- _EXERCISE DATA_:

++++

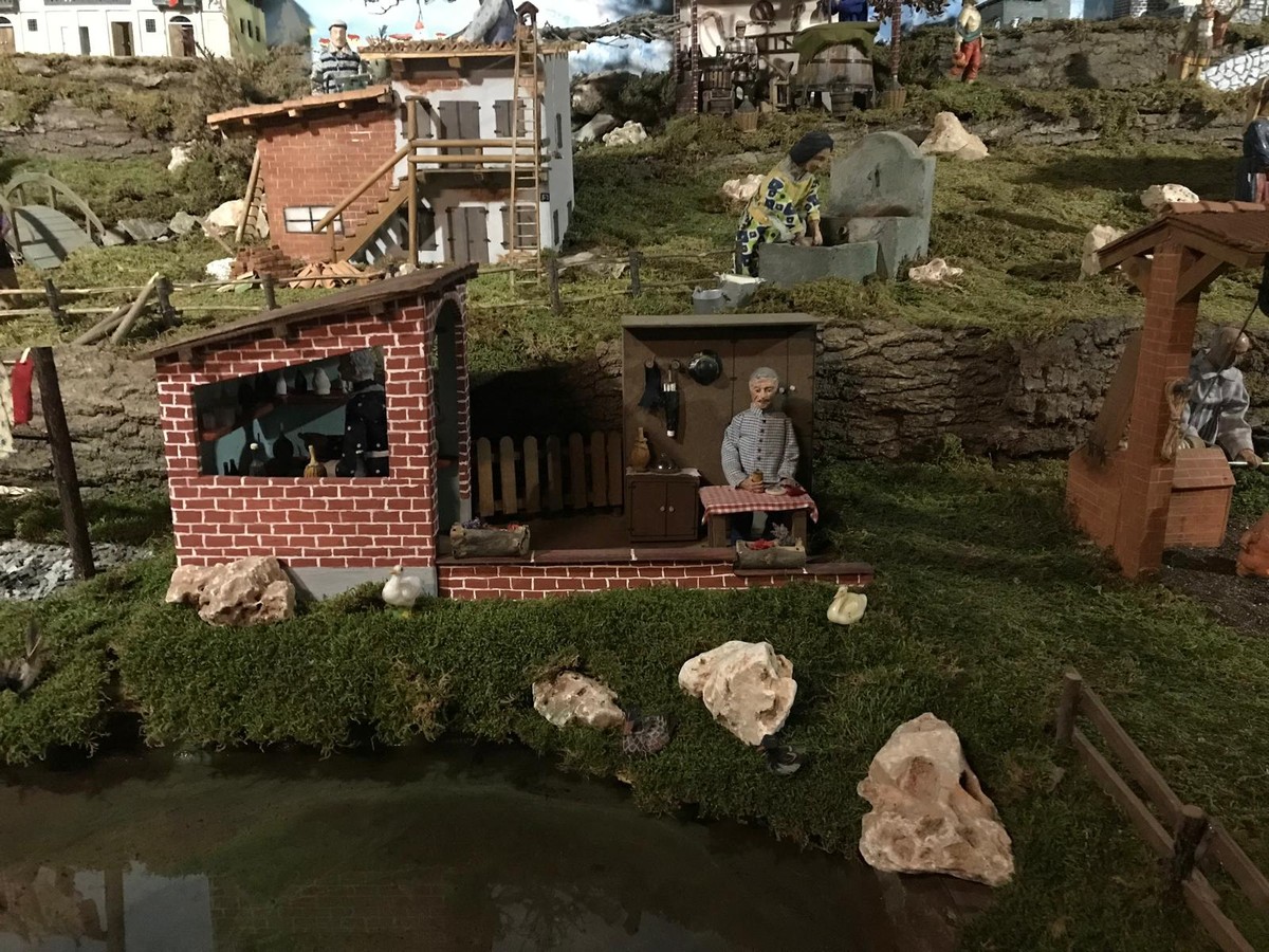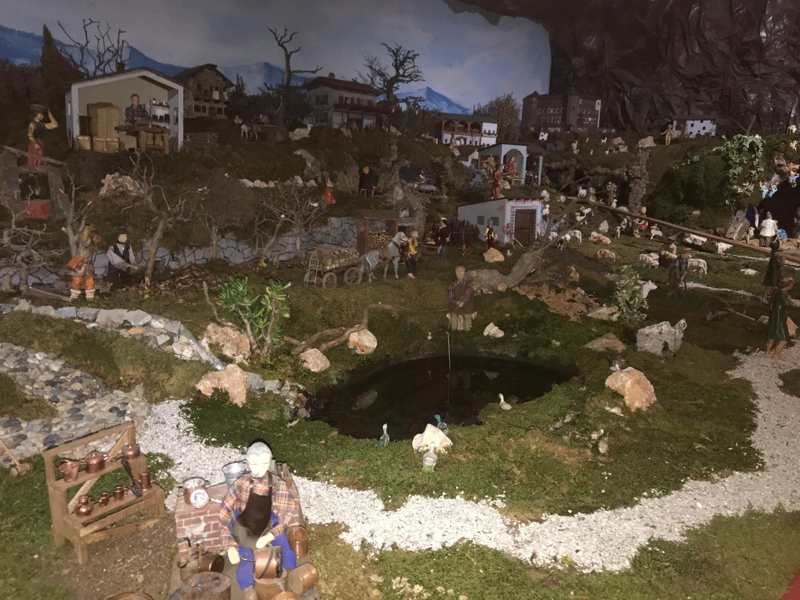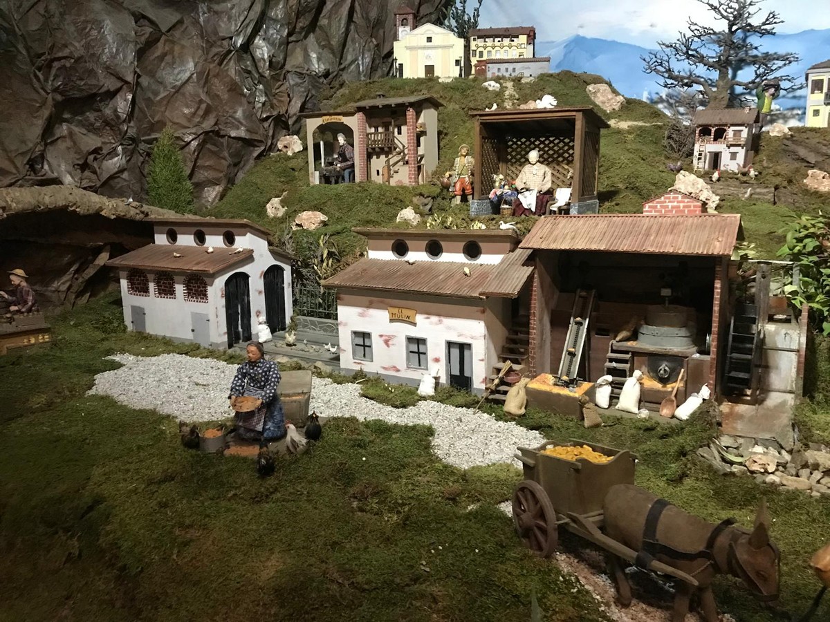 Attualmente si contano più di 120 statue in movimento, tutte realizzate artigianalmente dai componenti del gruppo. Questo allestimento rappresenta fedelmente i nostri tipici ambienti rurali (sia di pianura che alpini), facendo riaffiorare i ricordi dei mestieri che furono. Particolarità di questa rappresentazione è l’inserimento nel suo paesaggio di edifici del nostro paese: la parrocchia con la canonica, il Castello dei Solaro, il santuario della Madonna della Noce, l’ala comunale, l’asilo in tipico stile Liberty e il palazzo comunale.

++++

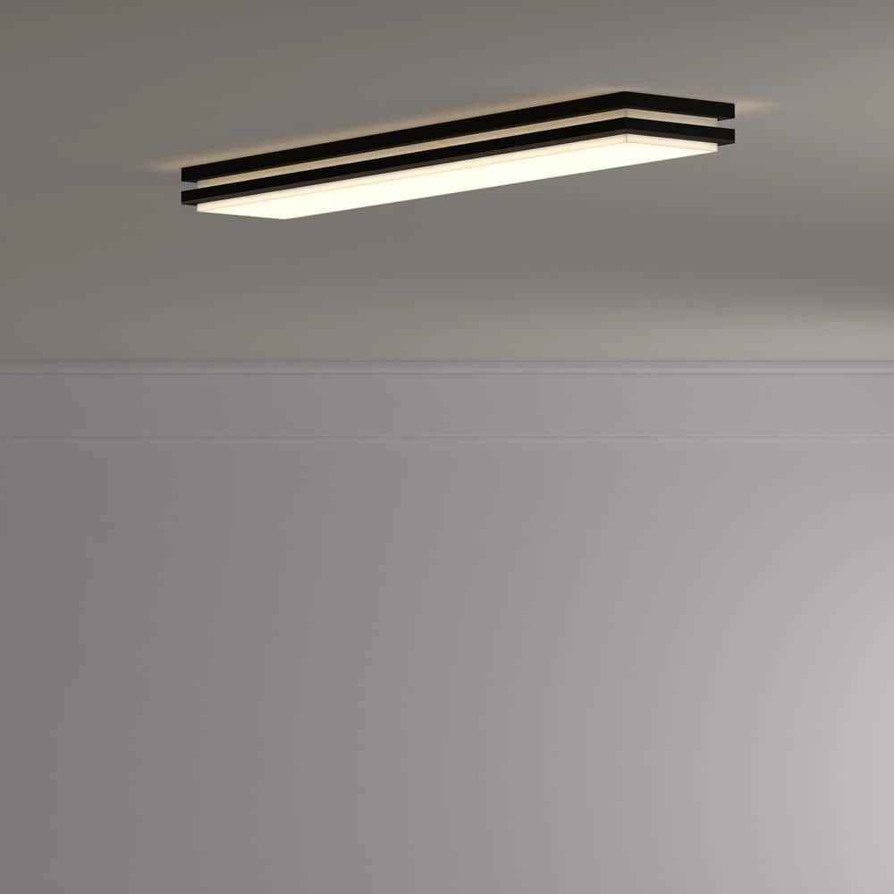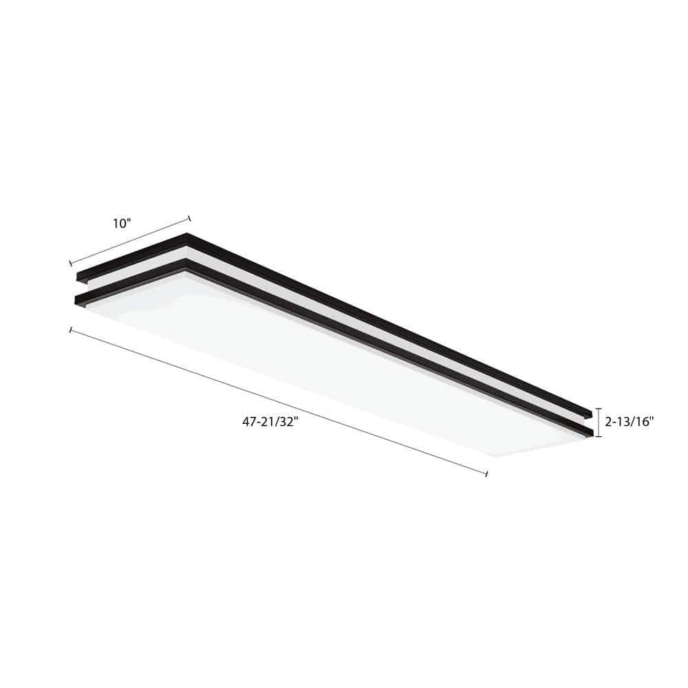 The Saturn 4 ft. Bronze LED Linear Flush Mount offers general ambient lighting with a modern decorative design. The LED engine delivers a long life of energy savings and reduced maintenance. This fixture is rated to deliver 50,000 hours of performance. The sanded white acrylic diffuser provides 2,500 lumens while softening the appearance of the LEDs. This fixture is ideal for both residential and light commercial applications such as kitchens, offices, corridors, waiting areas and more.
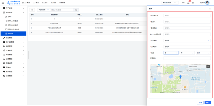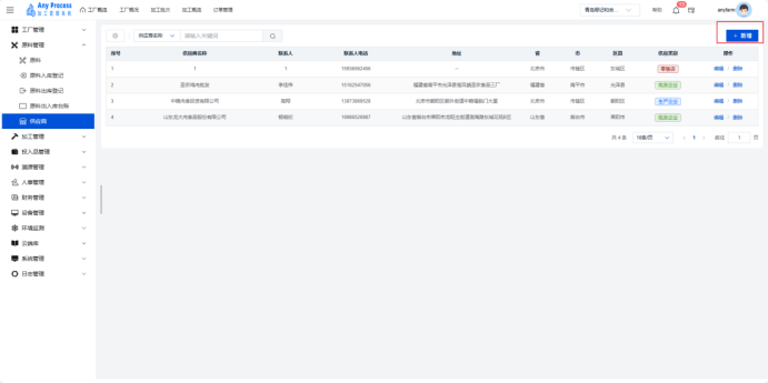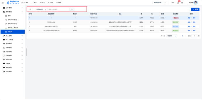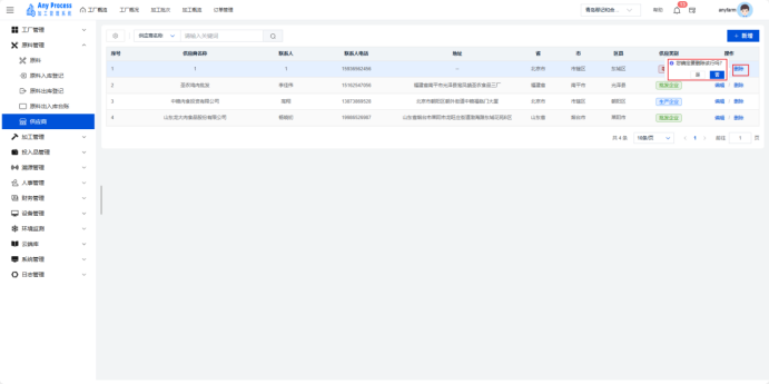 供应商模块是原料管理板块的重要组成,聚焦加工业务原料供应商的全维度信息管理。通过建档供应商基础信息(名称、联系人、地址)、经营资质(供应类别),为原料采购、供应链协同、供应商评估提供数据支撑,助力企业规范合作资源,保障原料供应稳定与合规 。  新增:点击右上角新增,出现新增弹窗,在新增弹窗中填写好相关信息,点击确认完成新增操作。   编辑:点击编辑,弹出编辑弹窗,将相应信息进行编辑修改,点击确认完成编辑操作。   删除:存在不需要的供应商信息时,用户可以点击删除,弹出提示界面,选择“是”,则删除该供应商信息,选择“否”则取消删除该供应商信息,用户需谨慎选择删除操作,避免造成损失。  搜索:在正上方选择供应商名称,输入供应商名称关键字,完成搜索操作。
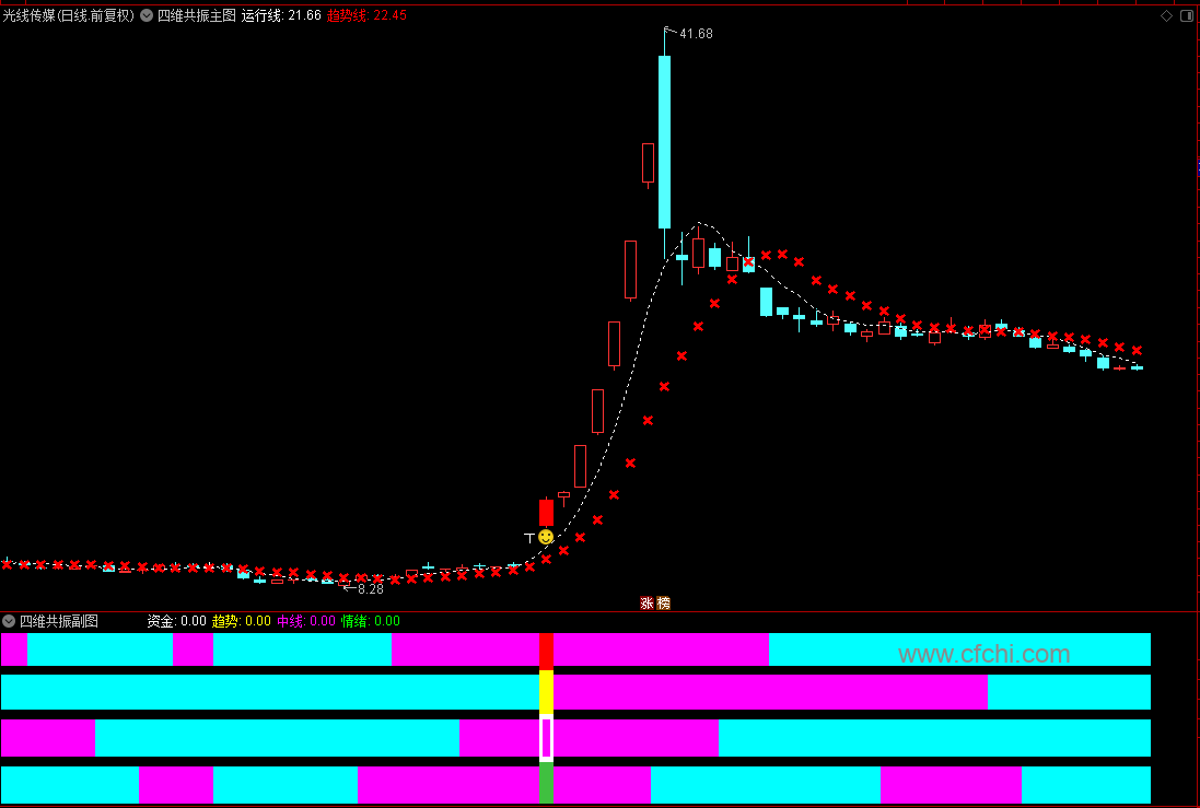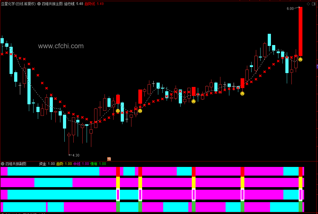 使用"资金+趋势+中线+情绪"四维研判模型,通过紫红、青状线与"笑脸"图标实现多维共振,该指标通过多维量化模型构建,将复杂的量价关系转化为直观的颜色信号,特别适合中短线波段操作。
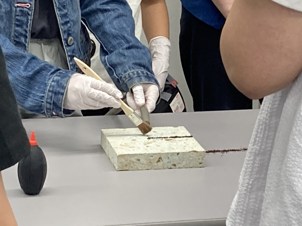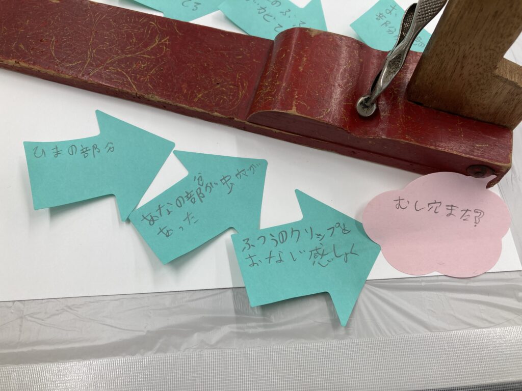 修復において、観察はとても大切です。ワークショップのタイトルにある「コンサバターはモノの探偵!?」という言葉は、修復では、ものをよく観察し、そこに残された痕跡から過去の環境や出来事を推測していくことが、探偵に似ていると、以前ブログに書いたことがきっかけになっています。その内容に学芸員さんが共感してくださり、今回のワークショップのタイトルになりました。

++++

Reproduce the lines above starting at the one with "The Saturn 4" and ending at the one with "修復において、観察はとても大", both included, exactly and with no pictures.

 The Saturn 4 ft. Bronze LED Linear Flush Mount offers general ambient lighting with a modern decorative design. The LED engine delivers a long life of energy savings and reduced maintenance. This fixture is rated to deliver 50,000 hours of performance. The sanded white acrylic diffuser provides 2,500 lumens while softening the appearance of the LEDs. This fixture is ideal for both residential and light commercial applications such as kitchens, offices, corridors, waiting areas and more.
 供应商模块是原料管理板块的重要组成,聚焦加工业务原料供应商的全维度信息管理。通过建档供应商基础信息(名称、联系人、地址)、经营资质(供应类别),为原料采购、供应链协同、供应商评估提供数据支撑,助力企业规范合作资源,保障原料供应稳定与合规 。  新增:点击右上角新增,出现新增弹窗,在新增弹窗中填写好相关信息,点击确认完成新增操作。   编辑:点击编辑,弹出编辑弹窗,将相应信息进行编辑修改,点击确认完成编辑操作。   删除:存在不需要的供应商信息时,用户可以点击删除,弹出提示界面,选择“是”,则删除该供应商信息,选择“否”则取消删除该供应商信息,用户需谨慎选择删除操作,避免造成损失。  搜索:在正上方选择供应商名称,输入供应商名称关键字,完成搜索操作。
 使用"资金+趋势+中线+情绪"四维研判模型,通过紫红、青状线与"笑脸"图标实现多维共振,该指标通过多维量化模型构建,将复杂的量价关系转化为直观的颜色信号,特别适合中短线波段操作。
 修復において、観察はとても大切です。ワークショップのタイトルにある「コンサバターはモノの探偵!?」という言葉は、修復では、ものをよく観察し、そこに残された痕跡から過去の環境や出来事を推測していくことが、探偵に似ていると、以前ブログに書いたことがきっかけになっています。その内容に学芸員さんが共感してくださり、今回のワークショップのタイトルになりました。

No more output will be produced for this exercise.